◆ **What you will do**:
Pictures appear among the records below and must be omitted. Repeat exactly the lines from the line with "With e! by lexemo’s" to the line with "Considere o seguinte", both included.

◆ **Data for the task**:
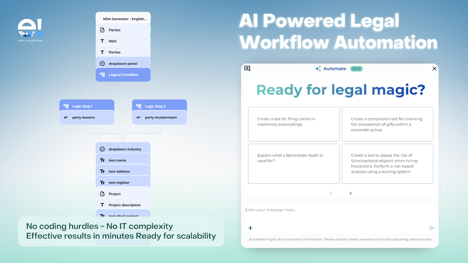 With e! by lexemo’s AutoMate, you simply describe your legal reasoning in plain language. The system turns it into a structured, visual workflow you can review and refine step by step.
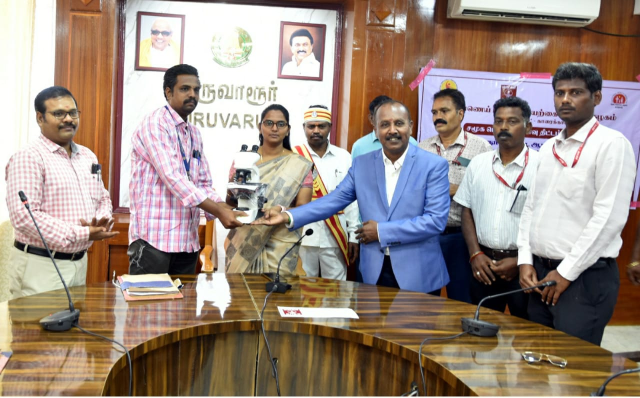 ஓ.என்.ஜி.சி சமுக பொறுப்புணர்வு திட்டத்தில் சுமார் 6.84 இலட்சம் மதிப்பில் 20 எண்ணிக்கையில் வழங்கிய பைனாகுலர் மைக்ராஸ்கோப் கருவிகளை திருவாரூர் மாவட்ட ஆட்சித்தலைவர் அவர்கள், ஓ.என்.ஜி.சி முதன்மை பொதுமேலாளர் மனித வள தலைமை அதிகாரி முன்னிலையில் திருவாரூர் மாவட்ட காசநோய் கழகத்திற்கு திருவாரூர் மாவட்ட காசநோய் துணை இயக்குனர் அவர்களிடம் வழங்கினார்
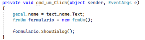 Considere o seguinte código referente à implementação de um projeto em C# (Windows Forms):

...

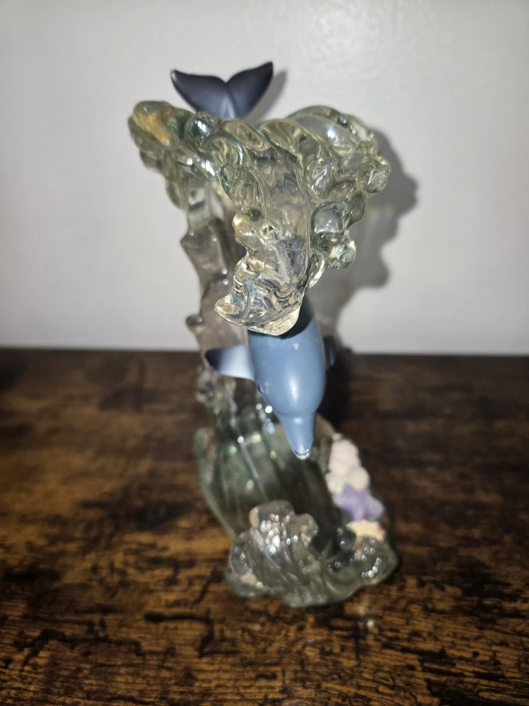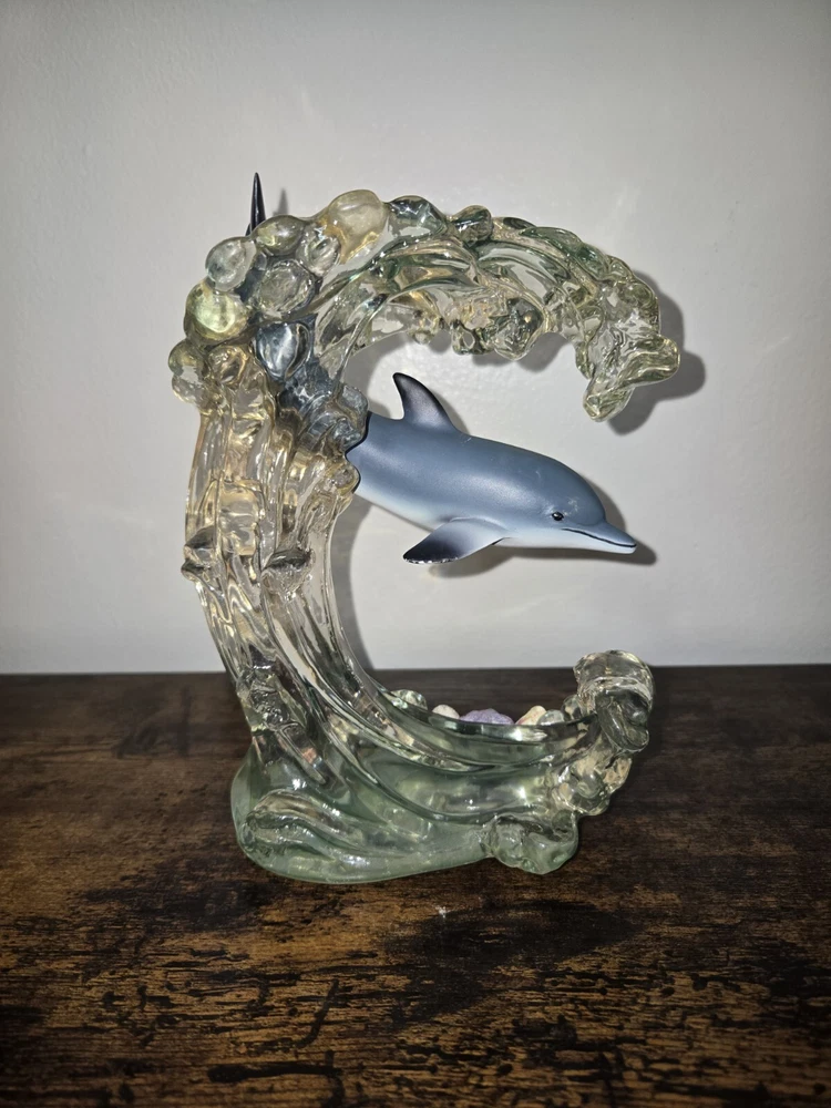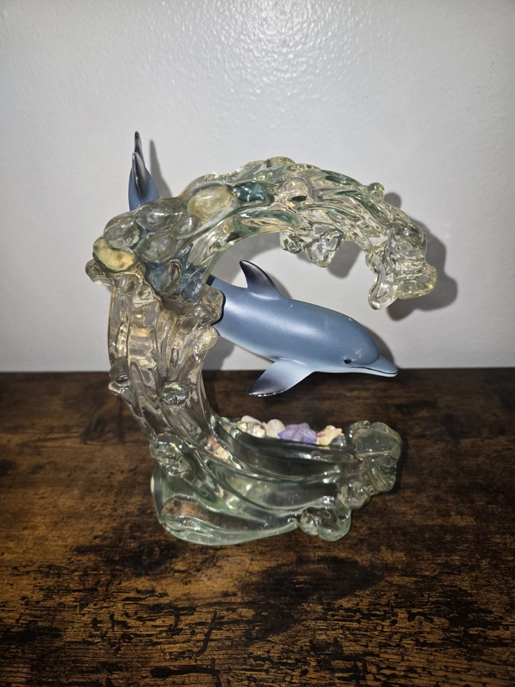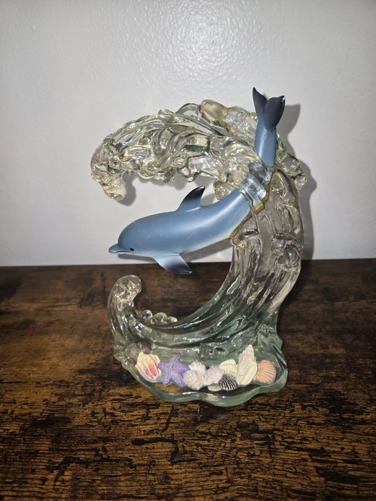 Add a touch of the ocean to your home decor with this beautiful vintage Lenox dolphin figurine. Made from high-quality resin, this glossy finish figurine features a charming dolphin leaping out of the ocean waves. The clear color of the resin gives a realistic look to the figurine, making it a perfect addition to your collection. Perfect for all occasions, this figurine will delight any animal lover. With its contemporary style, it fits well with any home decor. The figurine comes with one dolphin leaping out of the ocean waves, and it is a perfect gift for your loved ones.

◆ **Solution to the exercise**:
 With e! by lexemo’s AutoMate, you simply describe your legal reasoning in plain language. The system turns it into a structured, visual workflow you can review and refine step by step.
 ஓ.என்.ஜி.சி சமுக பொறுப்புணர்வு திட்டத்தில் சுமார் 6.84 இலட்சம் மதிப்பில் 20 எண்ணிக்கையில் வழங்கிய பைனாகுலர் மைக்ராஸ்கோப் கருவிகளை திருவாரூர் மாவட்ட ஆட்சித்தலைவர் அவர்கள், ஓ.என்.ஜி.சி முதன்மை பொதுமேலாளர் மனித வள தலைமை அதிகாரி முன்னிலையில் திருவாரூர் மாவட்ட காசநோய் கழகத்திற்கு திருவாரூர் மாவட்ட காசநோய் துணை இயக்குனர் அவர்களிடம் வழங்கினார்
 Considere o seguinte código referente à implementação de um projeto em C# (Windows Forms):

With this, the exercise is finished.